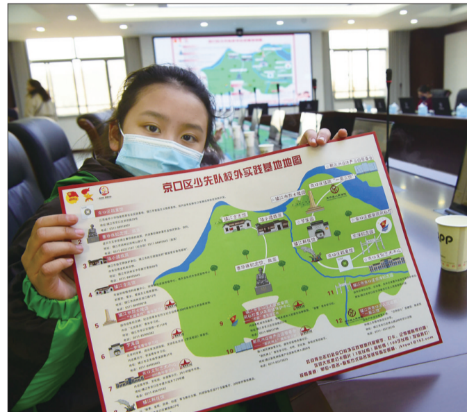
3月3日,京口区少先队校外实践基地地图发布活动举行。实践基地地图由镇江科技馆、镇江市烈士陵园、镇江市方志馆等12个实践基地组成,每个实践基地有一个手绘图并配有简短文字介绍,充分发挥了少先队组织教育、自主教育、实践教育的优势。

的同时,还会关心老人,问问老人的身体状况,陪他们聊聊天。同时还给老人开展了预防诈骗的宣传活动,给现场的老人讲解了如何捂紧自己的口袋,保住血汗钱,大家听的特别认真。 活动最后,官兵们还为老人测量了血压,教老人如何使用智能手机,老人们特别开心,学雷锋,做好事,让老百姓切切实实感受到了人民子弟兵的爱民情怀。
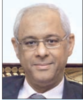
السفير ياسر عاطف
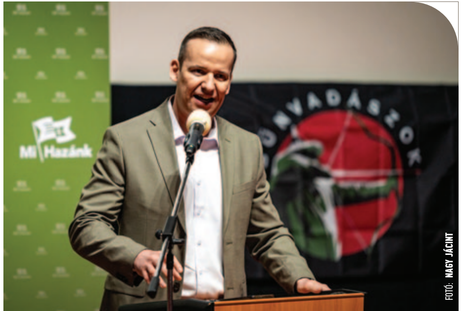
Toroczkai László szerint a két nagy párt rástartolt a Mi Hazánk szavazóira
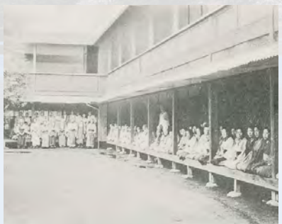
▲大塚本院の女室『養育院六十年史』より （東京都立中央図書館所蔵）
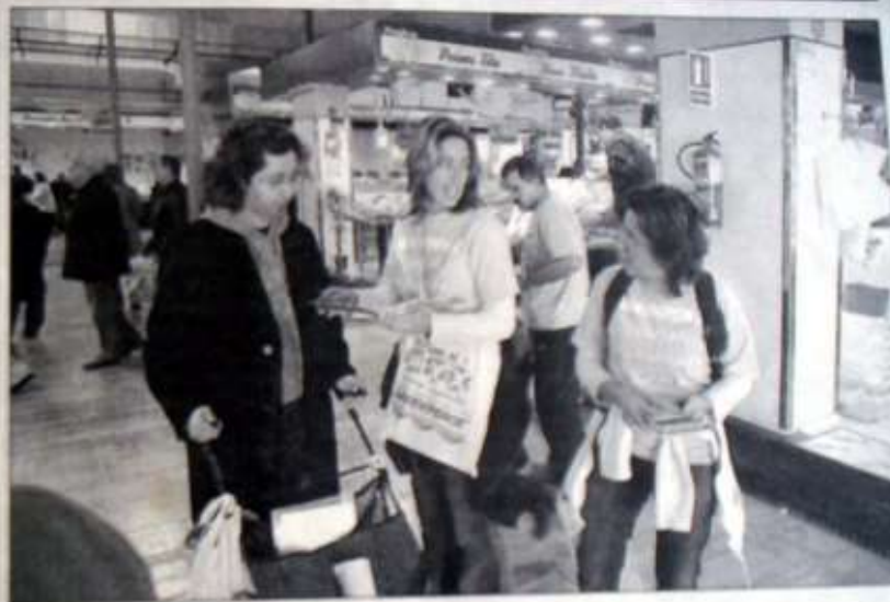
Los voluntarios de Greenpeace repartieron guías en el mercado del Olivar.

Grupos de activistas regalaron estas guías a los viandantes, siempre "cerca de centros comerciales porque es más fácil hablar con la gente y explicarles la situación de los caladeros y las especies".
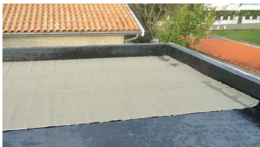
Pose du par vapeur sur le vernis d'impression
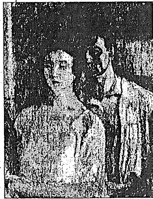
Auto-retrato con Eva en París.

que utiliza el autor no va a la zaga. Algunos de los retratados aparecen dibujados con una aproximación naturalista más cercana al dibujo académico. Otros presentan efigies elaboradas de acuerdo con la herencia cubista que adquirió al lado de Pablo Picasso y Juan Gris, poniendo de manifiesto tanto la versatilidad de Vázquez Díaz como la complejidad de significados y configuraciones que en su obra adquiere la modernidad.
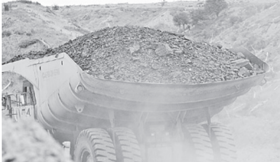
La agrupación A.C.U.E. expuso a Bachelet su rechazo al proyecto minero en Natales es concordante con las líneas de desarrollo planteadas por la Jefa de Estado como lo son la justicia social, la equidad para los chilenos y la calidad de vida.

En tercer lugar, exponen que “Una nueva mina de carbón se contradice con el desarrollo limpio y sustentable de nuestro país. Usted
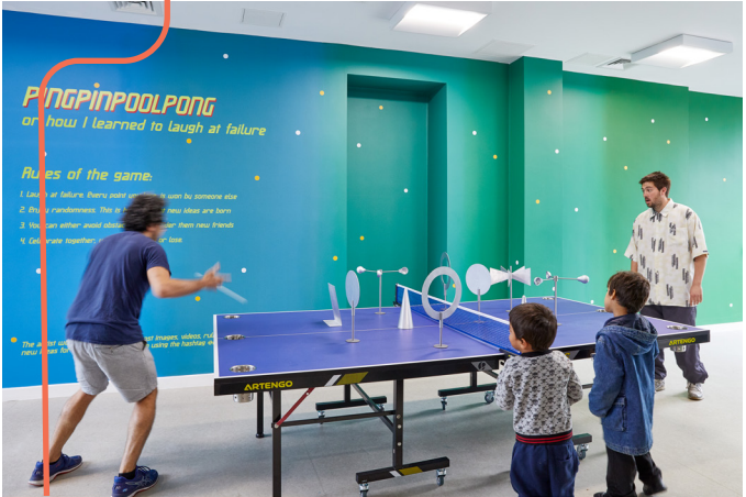
Basim Magdy, 2018.
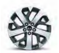
18-Zoll-Leichtmetallfelgen (für Vision Diesel)
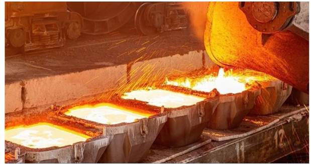
Figura 4 Características del material para ser fundido

Plomo y estaño: alta densidad; precisión dimensional extremadamente estrecha; se utiliza para formas especiales de resistencia a la corrosión.
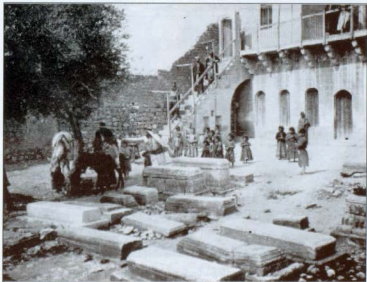
Նկար 5. Միսիոներ բժիշկ Անդրեաս Ֆիշերի՝ հիվանդանոցի ընդունելության օրվա մի պահ Քայկական Գարմուջ գյուղի նկեղեցում (1909 թ.):
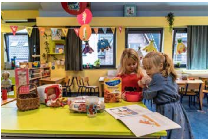
Kleuters worden gestimuleerd tot functioneel lezen in de kookhoek in de HEHA-school in Dendermonde.

Een competente leraar realiseert een effectieve, maar tegelijkertijd ook leesbevorderende leesdidactiek. Een motiverende leesomgeving alleen is immers niet voldoende. Er moet regelmatig tijd gemaakt worden voor boekpromotie en boekverwerking via inspirerende werkvormen als een boekenkring, boekenbabbels, creatief schrijven ... Zo'n klassikale momenten worden bij voorkeur aangevuld met individuele leesgesprekken, waarbij leerlingen ondersteuning krijgen om hun leesvoorkeur te ontdekken met aandacht voor tekstvoorkeur, leesniveau, auteurs, interesses ... Een leesbevorderende leraar stimuleert de leesmotivatie van leerlingen door hun
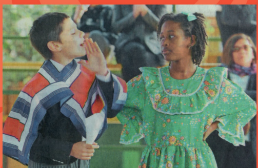
Es urgente la formación de profesores interculturales
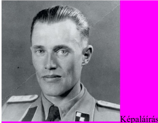
Képalírás: Franz Novak SD-egyenruhában (Sicherheitsdienst), dátum nélküli

illetve nagyon enyhe büntetésekkel végződnek az eljárások. Az osztrák igazságszolgáltatás kudarcának egyik legszembetűnőbb példája a Franz Novak (1913-1983) elleni per. Novak a bécsi „Központi Hivatal” munkatársaként kezdte pályafutását, később a berlini RSHA-nál a deportációs konvojok logisztikájáért felelt. A háború után Novak Ausztriában bujdosott. 1961-ben letartóztatják, majd állítólagos parancsteljesítési kötelezettségre hivatkozva átmenetileg szabadlábra helyezik. 1972-ben újabb eljárás keretében hét év fegyházra ítélik. Az előzetes letartóztatásban töltött öt év beszámítását követően a letöltendő börtönbüntetésének fennmaradó részét végül elengedi a köztársasági elnök.
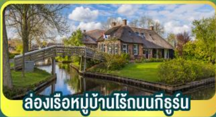
ล่องเรือหมู่บ้านไรด์นทีกีร์ชุน
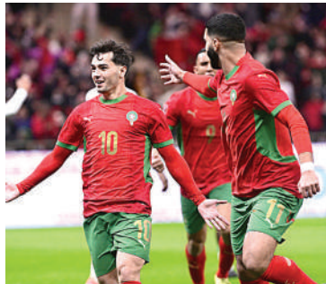
El delantero del Real Madrid, Brahim Díaz hizo el tanto de Marruecos por la vía de los doce pasos.
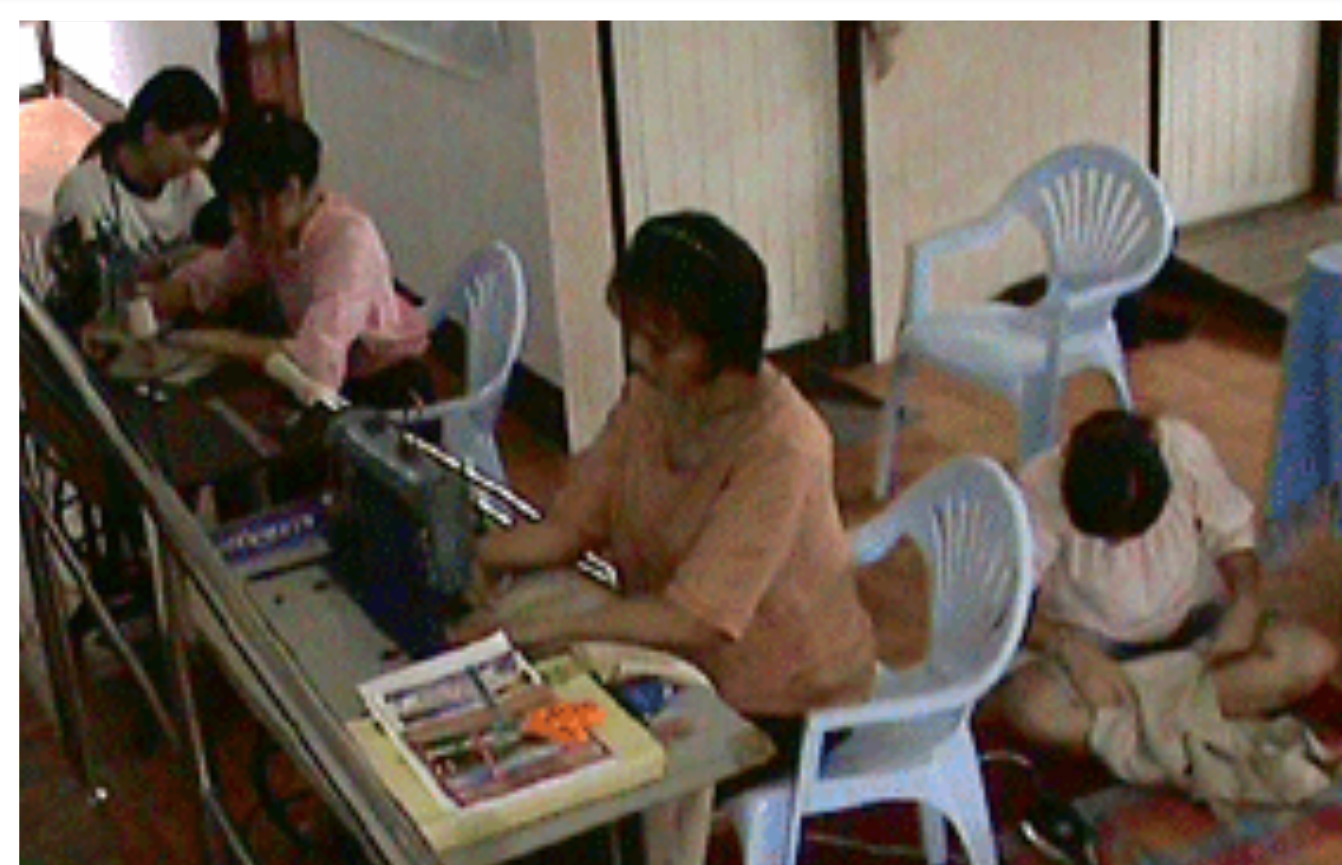
ชั้นเรียนตัดเย็บผ้า
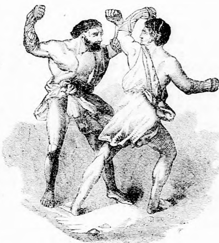
KÉT EZER ÉV ELŐTT. A viadorok.

Hogy akkor az embereknek olyan kegyetlen muatságokban telt gyöngyörüsé-
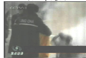
3、手摸被打后的头部
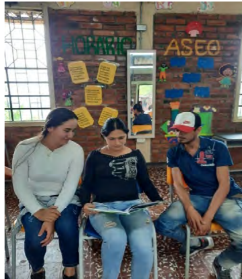
Foto 10 interacción de padres de familia con la guía

A continuación, podemos observar el apoyo y la participación activa tanto de estudiantes como padres de familia, los cuales se mostraron muy complacidos con el proceso.
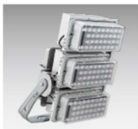
【 LED投光器「アウルビーム」 】
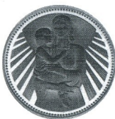
Майка с дете Mother and child

1981 25 лв 14 g Ag 500 Ø 32 Тираж/mintage: 99 911 Гурт/edge: гладък/flat
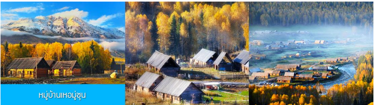
หมู่บ้านเหม่อู่ซุน

พักที่ SU TONG HOLIDAY HOTEL โรงแรมระดับ 4 ดาวท้องถิ่น หรือเทียบเท่าในเมืองบูเอ๋อจิน
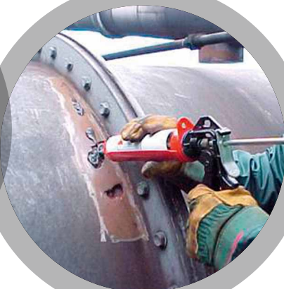
Relleno de picaduras de corrosión
══════
= THE PROBLEM =
From the line containing "的同时,还会关心老人,问问老" through the line containing "Grupos de activistas", copy every line above exactly, without pictures.

= ANSWER =
的同时,还会关心老人,问问老人的身体状况,陪他们聊聊天。同时还给老人开展了预防诈骗的宣传活动,给现场的老人讲解了如何捂紧自己的口袋,保住血汗钱,大家听的特别认真。 活动最后,官兵们还为老人测量了血压,教老人如何使用智能手机,老人们特别开心,学雷锋,做好事,让老百姓切切实实感受到了人民子弟兵的爱民情怀。
السفير ياسر عاطف
Toroczkai László szerint a két nagy párt rástartolt a Mi Hazánk szavazóira
▲大塚本院の女室『養育院六十年史』より （東京都立中央図書館所蔵）
Los voluntarios de Greenpeace repartieron guías en el mercado del Olivar.

Grupos de activistas regalaron estas guías a los viandantes, siempre "cerca de centros comerciales porque es más fácil hablar con la gente y explicarles la situación de los caladeros y las especies".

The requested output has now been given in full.